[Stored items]
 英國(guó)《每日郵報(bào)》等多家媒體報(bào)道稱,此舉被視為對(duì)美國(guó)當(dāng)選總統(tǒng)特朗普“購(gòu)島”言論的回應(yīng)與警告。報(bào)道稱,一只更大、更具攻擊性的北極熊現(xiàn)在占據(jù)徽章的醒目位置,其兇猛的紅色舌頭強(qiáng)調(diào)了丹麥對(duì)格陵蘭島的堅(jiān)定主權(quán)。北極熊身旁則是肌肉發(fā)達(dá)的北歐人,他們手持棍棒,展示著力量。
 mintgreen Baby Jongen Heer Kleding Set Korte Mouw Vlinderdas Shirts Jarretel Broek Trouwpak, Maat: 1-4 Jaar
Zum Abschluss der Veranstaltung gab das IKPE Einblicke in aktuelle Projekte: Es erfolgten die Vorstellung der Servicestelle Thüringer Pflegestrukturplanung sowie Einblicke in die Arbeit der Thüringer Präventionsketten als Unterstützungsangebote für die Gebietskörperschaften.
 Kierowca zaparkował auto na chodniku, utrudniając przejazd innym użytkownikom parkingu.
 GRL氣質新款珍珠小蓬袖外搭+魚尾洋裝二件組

...

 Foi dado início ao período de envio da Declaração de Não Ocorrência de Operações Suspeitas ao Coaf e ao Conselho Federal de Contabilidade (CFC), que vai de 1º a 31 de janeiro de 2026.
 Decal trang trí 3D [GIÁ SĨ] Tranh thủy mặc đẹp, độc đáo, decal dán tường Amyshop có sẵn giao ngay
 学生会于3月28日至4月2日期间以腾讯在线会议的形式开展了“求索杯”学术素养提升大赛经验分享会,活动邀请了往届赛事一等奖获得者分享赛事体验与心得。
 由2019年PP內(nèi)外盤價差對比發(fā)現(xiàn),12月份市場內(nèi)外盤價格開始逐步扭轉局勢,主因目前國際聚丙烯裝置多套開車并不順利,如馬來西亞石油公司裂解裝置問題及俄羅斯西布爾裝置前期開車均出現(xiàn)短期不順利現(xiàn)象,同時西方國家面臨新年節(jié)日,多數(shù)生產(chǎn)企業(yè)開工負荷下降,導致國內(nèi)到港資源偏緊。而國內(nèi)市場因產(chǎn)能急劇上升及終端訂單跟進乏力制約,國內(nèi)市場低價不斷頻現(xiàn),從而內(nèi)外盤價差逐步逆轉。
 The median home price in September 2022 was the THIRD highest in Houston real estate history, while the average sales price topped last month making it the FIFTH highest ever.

**EXERCISE INSTRUCTIONS:**
An answer is complete only when it holds every line above containing the string "xiàn".

**EXERCISE ANSWER:**
 英國(guó)《每日郵報(bào)》等多家媒體報(bào)道稱,此舉被視為對(duì)美國(guó)當(dāng)選總統(tǒng)特朗普“購(gòu)島”言論的回應(yīng)與警告。報(bào)道稱,一只更大、更具攻擊性的北極熊現(xiàn)在占據(jù)徽章的醒目位置,其兇猛的紅色舌頭強(qiáng)調(diào)了丹麥對(duì)格陵蘭島的堅(jiān)定主權(quán)。北極熊身旁則是肌肉發(fā)達(dá)的北歐人,他們手持棍棒,展示著力量。
 由2019年PP內(nèi)外盤價差對比發(fā)現(xiàn),12月份市場內(nèi)外盤價格開始逐步扭轉局勢,主因目前國際聚丙烯裝置多套開車并不順利,如馬來西亞石油公司裂解裝置問題及俄羅斯西布爾裝置前期開車均出現(xiàn)短期不順利現(xiàn)象,同時西方國家面臨新年節(jié)日,多數(shù)生產(chǎn)企業(yè)開工負荷下降,導致國內(nèi)到港資源偏緊。而國內(nèi)市場因產(chǎn)能急劇上升及終端訂單跟進乏力制約,國內(nèi)市場低價不斷頻現(xiàn),從而內(nèi)外盤價差逐步逆轉。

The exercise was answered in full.